TASK INPUTS:

--------

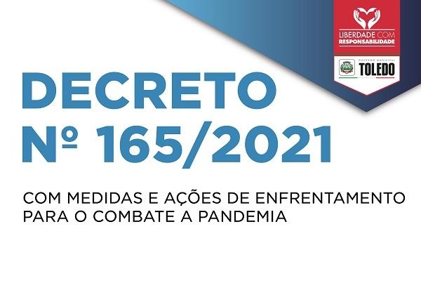 A Prefeitura de Toledo publicou, nesta quinta-feira (17), o Decreto nº 165/2021 prorrogando as medidas de combate ao coronavírus. Em relação à regulamentação que já vinha sendo praticada, apenas a liberação de atividades aos domingos. As medidas valem até a próxima quinta-feira (24).
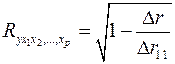 – коэффициент детерминации для уравнения множественной регрессии,
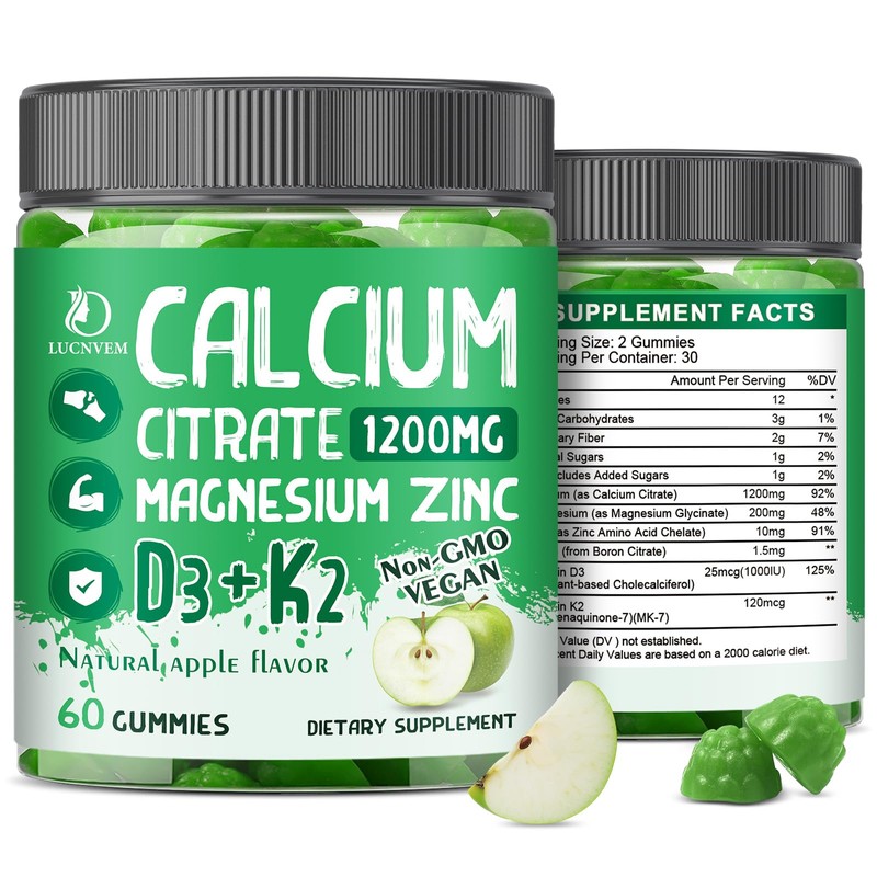 - Delicious Calcium "Snacks": It is a torture to eat hard-to-swallow capsules and powders with a frown every day! LUCNVEM calcium citrate gummies is not sticky, not bitter, and tastes delicious. The apple flavor allows you to complete calcium supplementation in a pleasant way every day. Make daily calcium supplementation beautiful
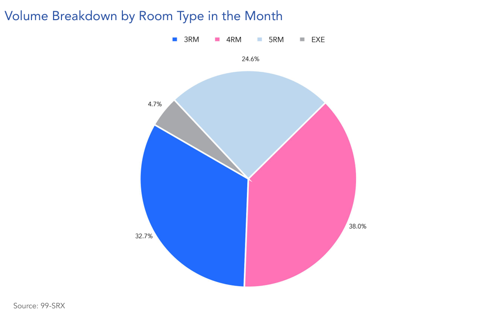 - 3-room flats had the second-largest share at 32.7%,
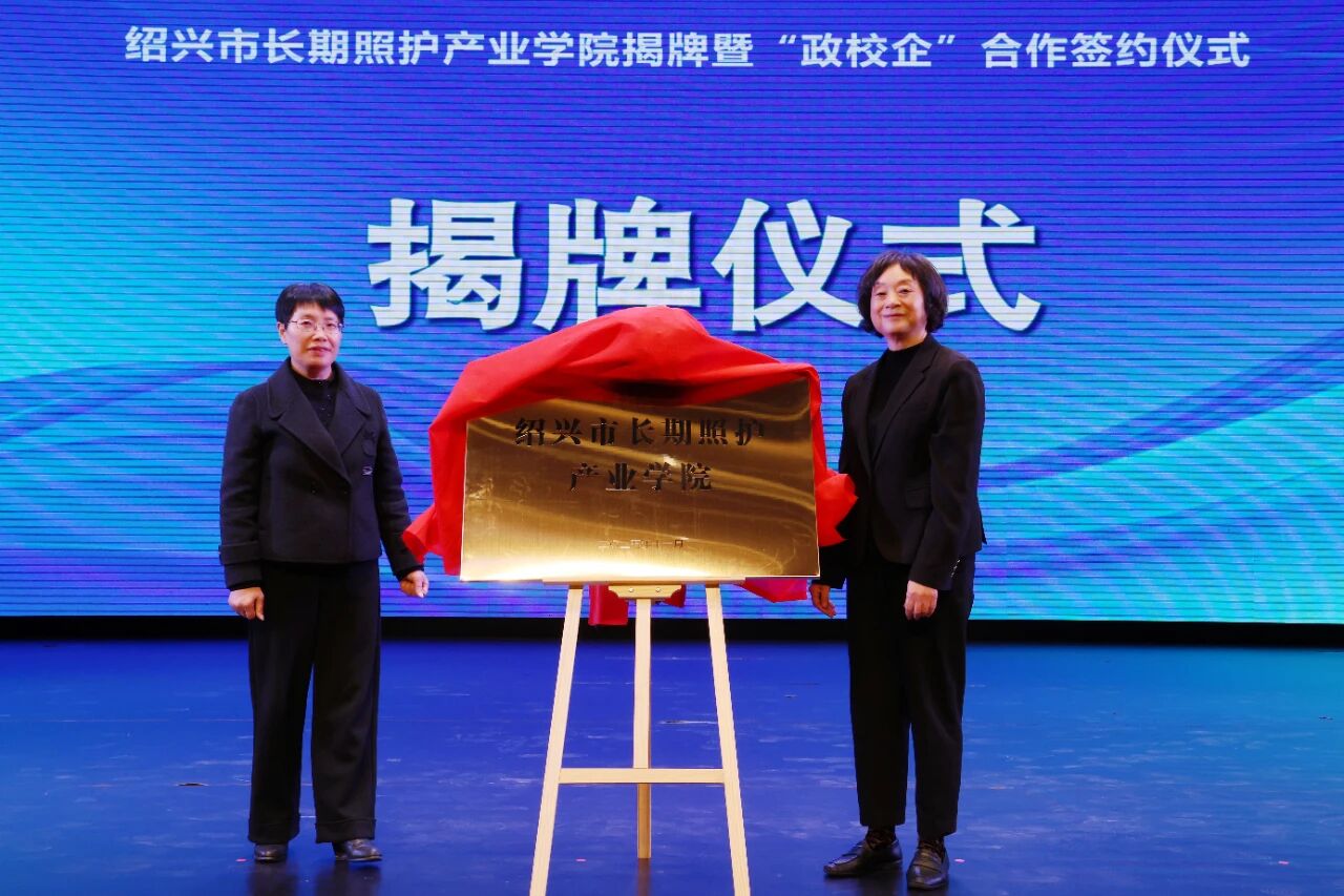 吕智飞、沈丽华为“绍兴市长期照护产业学院”揭牌。

--------

YOUR ASSIGNMENT:
Word for word, give the data above again, without any images.

FINISHED EXERCISE:
 A Prefeitura de Toledo publicou, nesta quinta-feira (17), o Decreto nº 165/2021 prorrogando as medidas de combate ao coronavírus. Em relação à regulamentação que já vinha sendo praticada, apenas a liberação de atividades aos domingos. As medidas valem até a próxima quinta-feira (24).
 – коэффициент детерминации для уравнения множественной регрессии,
 - Delicious Calcium "Snacks": It is a torture to eat hard-to-swallow capsules and powders with a frown every day! LUCNVEM calcium citrate gummies is not sticky, not bitter, and tastes delicious. The apple flavor allows you to complete calcium supplementation in a pleasant way every day. Make daily calcium supplementation beautiful
 - 3-room flats had the second-largest share at 32.7%,
 吕智飞、沈丽华为“绍兴市长期照护产业学院”揭牌。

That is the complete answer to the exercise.